Mar 11.02.2014

SOCIEDAD  › UNA PAREJA DE ITALIANOS JUBILADOS Y SU RESTAURANTE EN MAR DE LAS PAMPAS

Con el aroma de la Calabria

A fines de la década del ’90, Antonio y Anna Pittella llegaron a Mar de las Pampas. Ambos desocupados, compraron una pequeña cabaña donde empezaron a vender comidas caseras. Quince años, después, el perfume de la comida calabresa inunda Amorinda.

› Por Soledad Vallejos

Desde Villa Gesell

Era una cabañita de piso sin terminar, paredes sufridas, poco lugar. Estaba en la cima de una duna, entre bosques. A veces llegaba el ruido del mar. Alrededor no había mucho más. Antonio y Anna dijeron que era exactamente lo que buscaban. Terminaba la década del ’90 y se habían fundido: con 60 años, él, metalúrgico, y ella, modista de alta costura, dejaban La Plata y empezaban de cero. Italianos los dos, Mar de las Pampas era lo más parecido que Antonio había encontrado en Argentina a Monterosso, el pueblo calabrés en el que nació. En ese pueblo vive todavía su hermana, y desde su ventana se ve Sicilia, dice Flavia, la hija de sonrisa perenne que revolotea entre mesas, fuegos y ollas. Desde aquí también podría pasar, aunque la ventana de Amorinda (Avenida Lucero y Gerchunoff), el restaurante bautizado en honor a la madre de Anna, dé a un jardín de la costa atlántica. Los Pittella hablan, hacen, cocinan, y hacen que Italia inunde el aire.

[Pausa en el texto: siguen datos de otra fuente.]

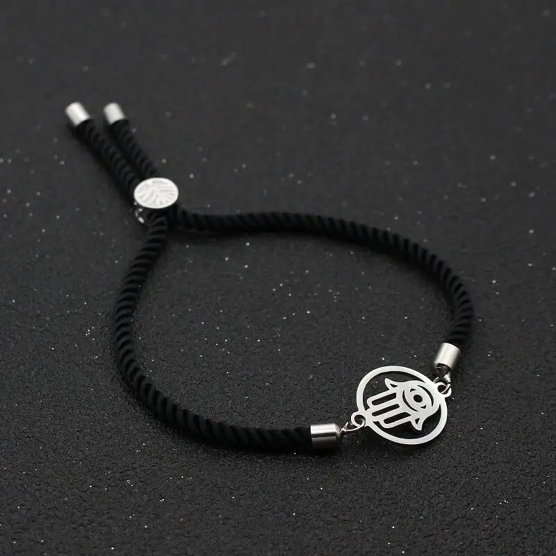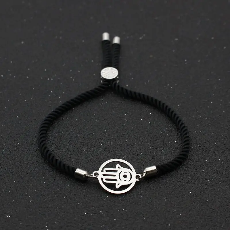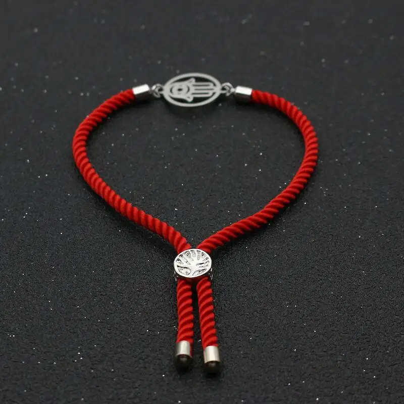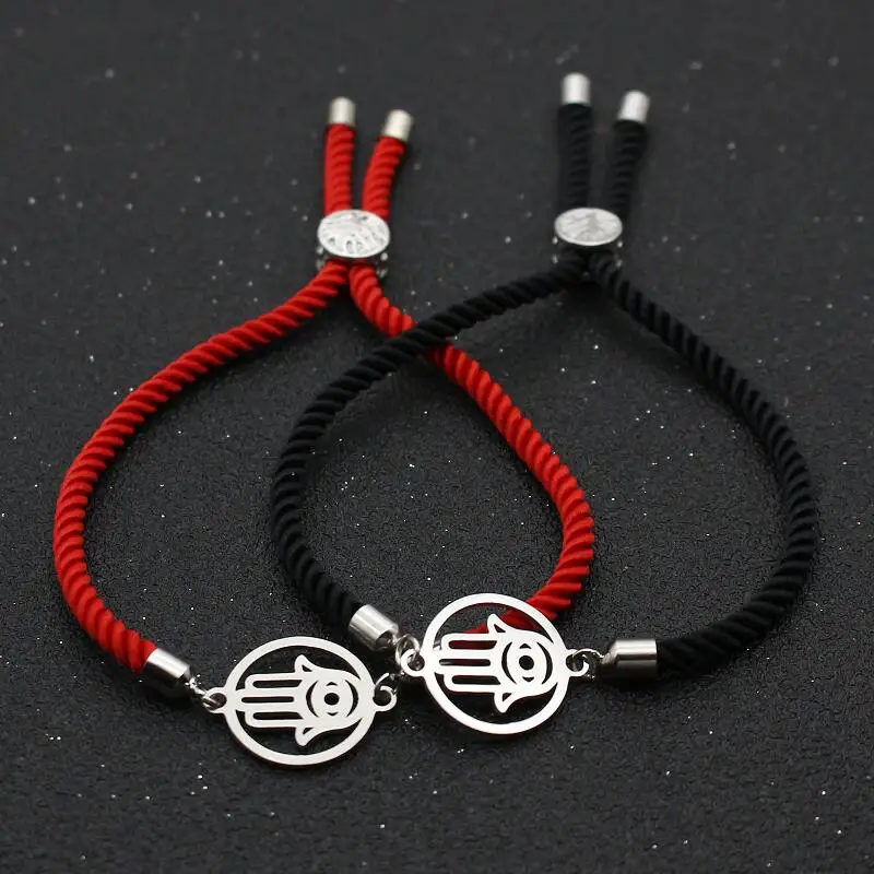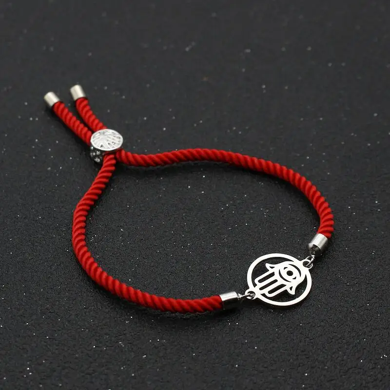 Round Hollow out Stainless Steel Fatima Hand Bracelet Red Thread Rope Charm Bracelets & Bangles For Men Women Lucky Jewelry Gift

Por algo, el clan es responsable de que aquella cabañita austera tenga este presente de paraíso hecho de pastas y cocina italiana, con fans tan fervorosos que reservan mesa con un mes de anticipación, o llegan desde Buenos Aires sólo para comer un plato, charlar con los dueños del lugar y partir.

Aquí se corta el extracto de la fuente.